Basically what TripleX is saying, or what I think they're saying. 

There's a line between showing someone something and rubbing their nose in it. 

If people want to base their lives on bad foundations, who are we to do anything about it besides show them that we think differently, and then let them keep on keepin on?


----------



## WaltL1 (Apr 24, 2015)

StripeRR HunteRR said:


> Basically what TripleX is saying, or what I think they're saying.
> 
> There's a line between showing someone something and rubbing their nose in it.
> 
> If people want to base their lives on bad foundations, who are we to do anything about it besides show them that we think differently, and then let them keep on keepin on?





> There's nothing wrong with, whenever possible, trying to point out to people when they are basing their beliefs on sketchy evidence.


I agree with this when it takes place for example on a forum such as this as at that point the debate/discussion is invited.


> If people want to base their lives on bad foundations, who are we to do anything about it besides show them that we think differently, and then let them keep on keepin on?


I also agree with this as unless the debate/discussion is invited (or personally directed at me) I keep my thoughts to myself.


----------



## ambush80 (Apr 24, 2015)

WaltL1 said:


> I agree with this when it takes place for example on a forum such as this as at that point the debate/discussion is invited.
> 
> I also agree with this as unless the debate/discussion is invited (or personally directed at me) I keep my thoughts to myself.



That's what we're here for, exchange of ideas.

When the Jehova's Witnesses knock on MY door they are entitled to both barrels.


----------



## StriperrHunterr (Apr 24, 2015)

ambush80 said:


> That's what we're here for, exchange of ideas.
> 
> When the Jehova's Witnesses knock on MY door they are entitled to both barrels.



I agree, if they don't leave when asked nicely if they happened to see the "No Trespassing" sign right beside them. 

I've had solicitors come up and when I open the door I ask them the same thing. "I have a permit, sir." 

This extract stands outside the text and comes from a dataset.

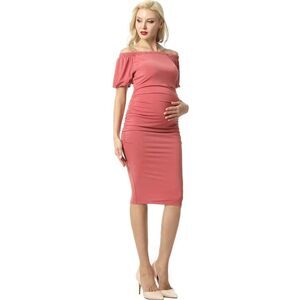 Kimi + Kai Maternity "Becka" Convertible Shoulder Ruched Dress size S NWOT

Yes, to solicit, not to trespass, which is what you're doing since I've posted it.


----------



## WaltL1 (Apr 24, 2015)

ambush80 said:


> That's what we're here for, exchange of ideas.
> 
> When the Jehova's Witnesses knock on MY door they are entitled to both barrels.


Agreed. And a reload 
Been a while since Ive had door knockers of any religion around here.
I was living in St. Louis a couple years ago and they would line up at the door according to religious alphabetical order every weekend.
At first I was nice.
But that didn't work.


----------



## ambush80 (Apr 24, 2015)

StripeRR HunteRR said:


> I agree, if they don't leave when asked nicely if they happened to see the "No Trespassing" sign right beside them.
> 
> I've had solicitors come up and when I open the door I ask them the same thing. "I have a permit, sir."
> 
> Yes, to solicit, not to trespass, which is what you're doing since I've posted it.





WaltL1 said:


> Agreed. And a reload
> Been a while since Ive had door knockers of any religion around here.
> I was living in St. Louis a couple years ago and they would line up at the door according to religious alphabetical order every weekend.
> At first I was nice.
> But that didn't work.





I meant "both barrels" figuratively.  

I have invited them in and when they sit down I do the talking.

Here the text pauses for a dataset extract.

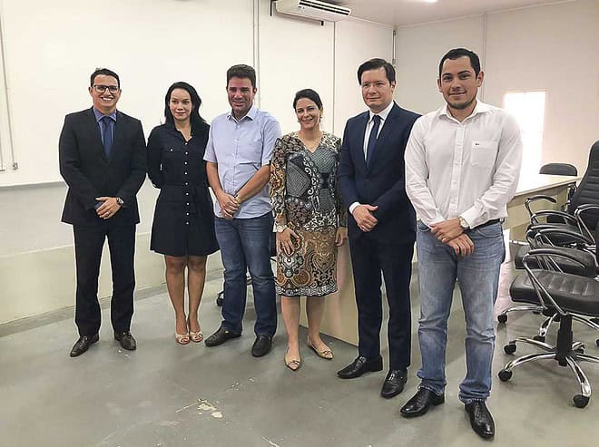 O governador foi recebido pelos juízes de Direito Marlon Machado, Adamarcia Machado, Carolina Bragança, Erick Farhat e Flávio Mundim.

Halfway through my ramble about "proof" they usually get up and thank me for my time.  "Y'all come back now!!  I can preach all day!!!"


----------



## StriperrHunterr (Apr 24, 2015)

ambush80 said:


> I meant "both barrels" figuratively.
> 
> I have invited them in and when they sit down I do the talking.
> 
> Halfway through my ramble about "proof" they usually get up and thank me for my time.  "Y'all come back now!!  I can preach all day!!!"



You're better than I am. 

If I didn't invite you over, there's a fair chance that I don't really want you over. Unless you're a friend or family.


----------



## ambush80 (Apr 24, 2015)

StripeRR HunteRR said:


> You're better than I am.
> 
> If I didn't invite you over, there's a fair chance that I don't really want you over. Unless you're a friend or family.

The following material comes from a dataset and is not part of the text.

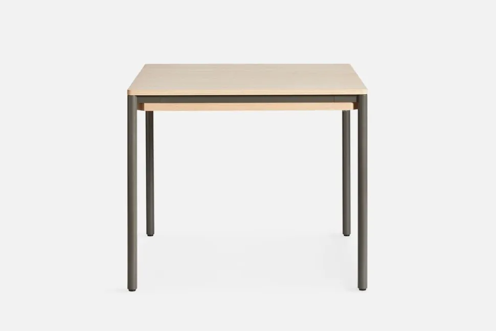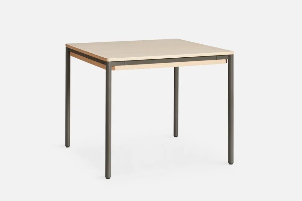Der Piezas Esstisch von hat ein schlichtes Design mit einer weiß pigmentierten, lackierten Eichentischplatte und grau lackierten Metallbeinen.

Like I said.  I'm just trying to help them out.


----------



## StriperrHunterr (Apr 24, 2015)

ambush80 said:


> Like I said.  I'm just trying to help them out.



Well, I haven't had any religious folk come into the neighborhood yet, but we'll cross that bridge if we come to it. 

It's mainly solicitors coming now, even though the neighborhood has a no soliciting sign. I joke you not, I had a guy in an unmarked box truck come up trying to sell me furniture.

"Don't you care about getting great furniture at great prices, sir?"

"Don't you care about what GA says I can do to trespassers when it's clearly marked as forbidden, and I've already given you a verbal warning?"


----------



## ambush80 (Apr 24, 2015)

StripeRR HunteRR said:


> Well, I haven't had any religious folk come into the neighborhood yet, but we'll cross that bridge if we come to it.
> 
> It's mainly solicitors coming now, even though the neighborhood has a no soliciting sign. I joke you not, I had a guy in an unmarked box truck come up trying to sell me furniture.
> 
> ...



I live in the 'Hood.  We get box trucks trying to sell meat....or break in.


----------



## drippin' rock (Apr 24, 2015)

ambush80 said:


> I live in the 'Hood.  We get box trucks trying to sell meat....or break in.



I got suckered into that once.  Worst money I ever spent.


----------